Это правда. Когда она предложила отправить его в специальное заведение, я сделала все, чтобы исчезнуть с горизонта. В то время, наверное, это было проще, чем теперь. Я сознательно вызволила его из системы, потому что ему подходила только та жизнь, которую я представляла: мы вдвоем, в горах, вокруг — животные и феи. Идеальный вариант — его глаза искрились. С чего вдруг мне отправлять его в психиатрическую клинику? Зачем мне было слушать учительницу, когда я знала: она ошибается?

Нет, мне не кажется, что я была плохой матерью. Нет.

У него нет отца.

Это не ваше дело. И я не понимаю, как это поможет расследованию.

Нет, я ничего не скрываю!

Откуда мне знать? Нет, я не знаю, как себя чувствует девочка! Нет.

Естественно, она кричит! Естественно, она плачет и не хочет, чтобы ее трогали, одевали и мыли! Если девочка с младенчества живет в гроте и не знает ничего, кроме леса, скал, животных, если из людей она встречала лишь моего сына и иногда Люка, вам не приходит в голову, что она напугана всем происходящим сегодня? Вы не думаете, что именно так и выглядит плохое обращение?

Ну конечно, я снова бешусь! Конечно, раздражаюсь снова и снова! Конечно! Вы хотите, чтобы я сохраняла спокойствие? Я пытаюсь изо всех сил, но очень хочу, чтобы вы еще раз пообщались с Люком. Он вам говорил, что иногда на них натыкался? Что его присутствие никогда не доставляло никаких проблем? Он сказал, что малышка никогда его не боялась? Он же должен был вам объяснить. Сообщить, что с ней все было хорошо. Что она нормальная, если вам так нужна эта терминология. Абсолютно здоровая. Он же наверняка вам сказал, не так ли?

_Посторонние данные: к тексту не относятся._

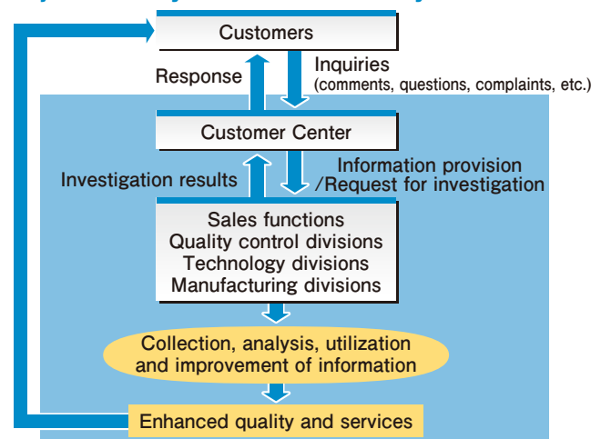
Fujitsu Battery Customer Center System

A customer center is also open to customers who inquire about Fujitsu batteries, which are consumer products, to deepen the relationship of trust with our customers. The opinions and comments received by the center are accumulated and fed back to future product development processes for improvement in order to provide better products and services to our customers.
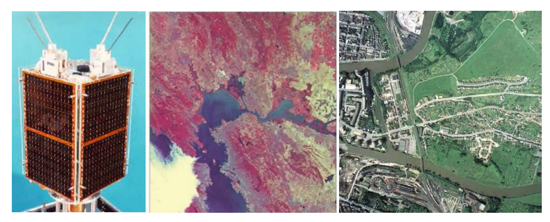
Figure 2-1. TM-sat and its image result (San Francisco bay), and Theoss-1 image result (Vongvivatanakij, 2008)

After the decommissioning of Theos-1 in 2014, GISTDA plan to establish the 2<sup>nd</sup> Thailand's remote sensing satellite, i.e. THEOS-2. The plan, however, were delayed for few years, so that until now the subsequence satellite has not been launched (GISTDA, 2017).
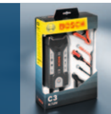
C3: All at a glance
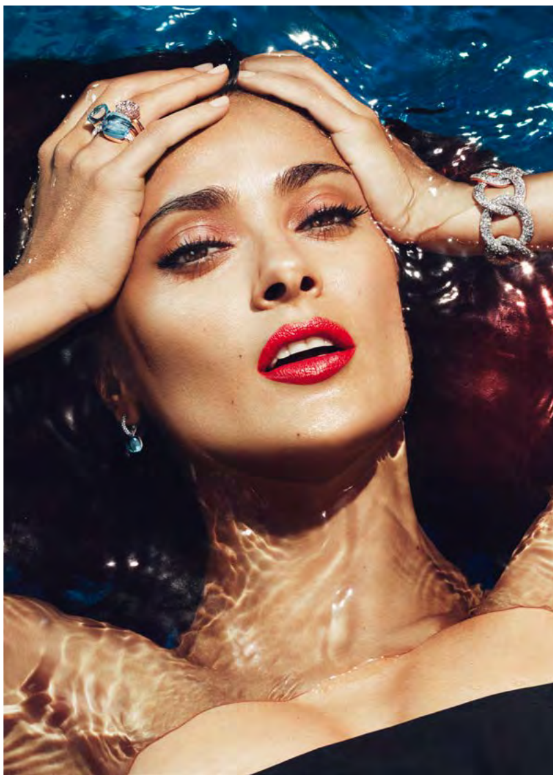
NUDO COLLECTION SALMA HAYEK FOR POMELLATO - 2015
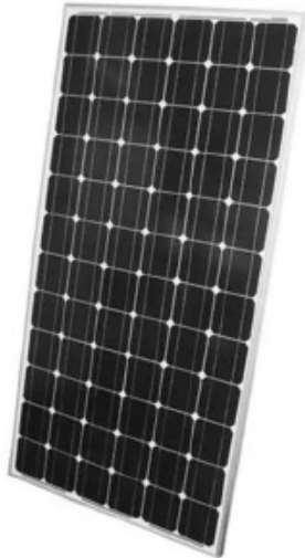
8- 220 Watt Solar Panels
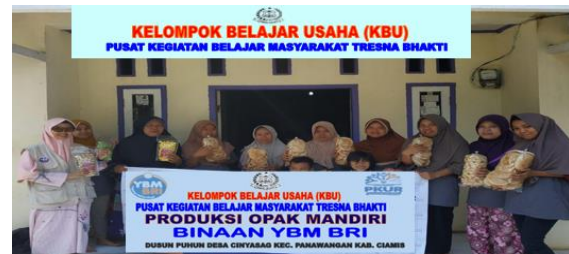
Figure 5: Learning enterprise group
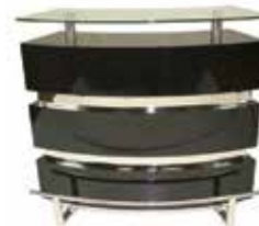
BT453 MILANO BAR Black, White 48"Wx20"Dx42"H
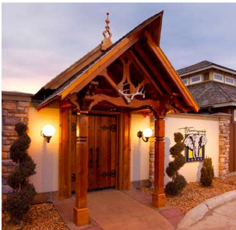
the new entrance to Hemingway's Lodge
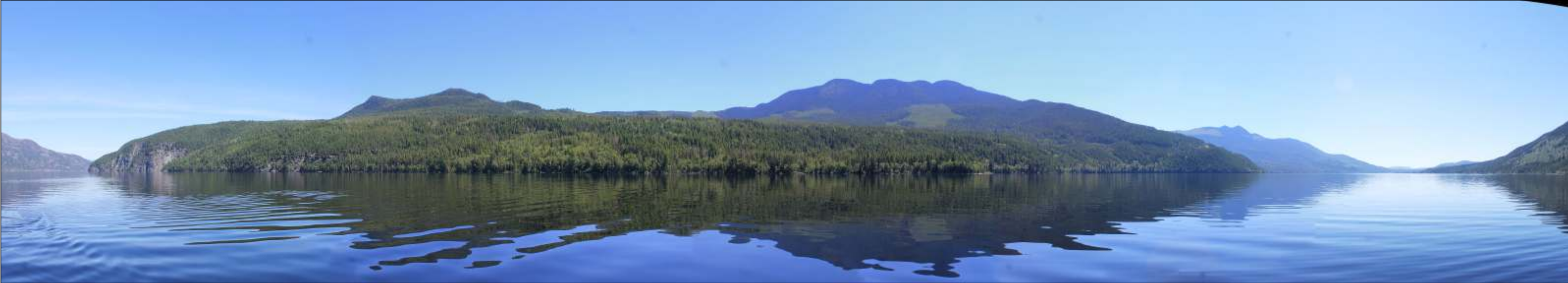
June 28, 2021 - CP4: 51 54 54.1N, 120 22 35.6W: 9936-9946 normal zoom - RDI Panorama
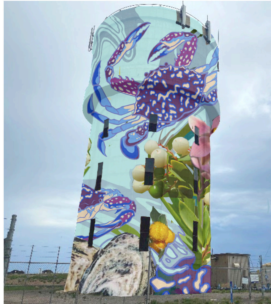
PROPOSED DESIGN- STANSBURY WATER TOWER Design placed on site.
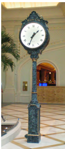
Saint Louis, MO
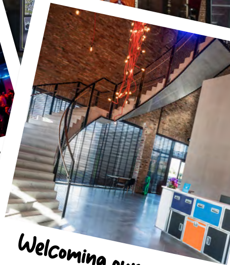
Welcoming our guests
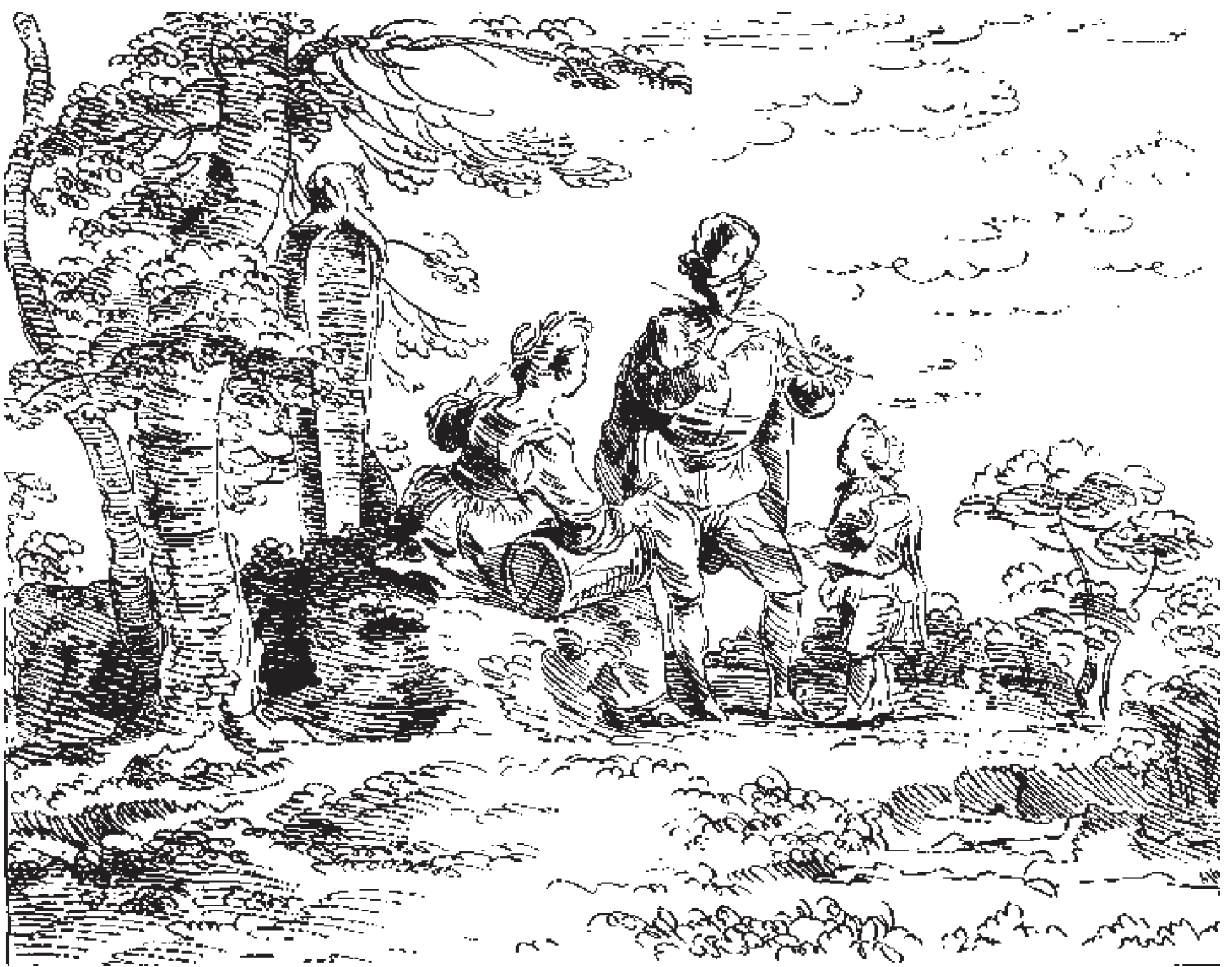
British Museum Collection, after Claude Gillot, ca. 1720

Any changes or additional information will be announced in the next issue of the folknik : May/June, 2019.

Ну нет, он никогда раньше со мной не разговаривал о девочке! Я уже сказала и повторяю снова: я понятия не имела о существовании малышки. Сколько раз я должна это твердить? Люк никогда мне о ней не говорил, пока моего мальчика не арестовали. Но с тех пор он помогал мне коротать время: я провела столько часов под дверьми ваших кабинетов в этом утомительном ожидании. Вот тогда он мне и рассказал. Если вы меня не хотите слушать, возьмите показания у Люка. Если я для вас слишком маргинальный элемент, слишком плохая мать, спросите у него. Люк абсолютно нормальный. Он живет в городе, у него есть машина и работа, его все знают. В отличие от меня, он живет нормально. Выслушайте его, прошу.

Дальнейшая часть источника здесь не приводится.